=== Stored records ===
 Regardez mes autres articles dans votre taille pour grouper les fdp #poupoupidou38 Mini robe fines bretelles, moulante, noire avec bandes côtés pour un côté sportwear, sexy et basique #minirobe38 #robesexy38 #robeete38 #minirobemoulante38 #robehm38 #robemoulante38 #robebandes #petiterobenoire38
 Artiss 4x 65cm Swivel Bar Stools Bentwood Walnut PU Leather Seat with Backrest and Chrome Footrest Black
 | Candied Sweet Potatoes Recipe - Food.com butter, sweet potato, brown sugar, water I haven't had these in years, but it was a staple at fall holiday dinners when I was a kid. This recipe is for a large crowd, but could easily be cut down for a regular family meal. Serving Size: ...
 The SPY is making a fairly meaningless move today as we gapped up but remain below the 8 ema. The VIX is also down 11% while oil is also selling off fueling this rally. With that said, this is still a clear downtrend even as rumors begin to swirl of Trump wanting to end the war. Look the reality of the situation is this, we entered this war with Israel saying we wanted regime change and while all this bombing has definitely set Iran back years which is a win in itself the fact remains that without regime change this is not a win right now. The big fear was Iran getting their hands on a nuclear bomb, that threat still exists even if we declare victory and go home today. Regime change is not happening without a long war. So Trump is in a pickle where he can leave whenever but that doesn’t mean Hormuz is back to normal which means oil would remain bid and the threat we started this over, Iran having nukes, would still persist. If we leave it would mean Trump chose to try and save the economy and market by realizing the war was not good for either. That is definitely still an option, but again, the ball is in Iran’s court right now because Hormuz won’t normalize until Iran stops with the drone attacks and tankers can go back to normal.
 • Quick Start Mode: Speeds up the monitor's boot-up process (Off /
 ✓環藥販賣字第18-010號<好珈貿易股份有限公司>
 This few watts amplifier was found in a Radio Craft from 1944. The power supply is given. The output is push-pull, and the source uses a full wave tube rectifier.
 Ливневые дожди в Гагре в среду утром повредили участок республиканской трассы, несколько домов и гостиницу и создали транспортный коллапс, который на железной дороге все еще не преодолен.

=== Your assignment ===
From the line with "This few watts" through the final line of the records, return each line exactly. Leave out the rest.

=== Reply to the task ===
 This few watts amplifier was found in a Radio Craft from 1944. The power supply is given. The output is push-pull, and the source uses a full wave tube rectifier.
 Ливневые дожди в Гагре в среду утром повредили участок республиканской трассы, несколько домов и гостиницу и создали транспортный коллапс, который на железной дороге все еще не преодолен.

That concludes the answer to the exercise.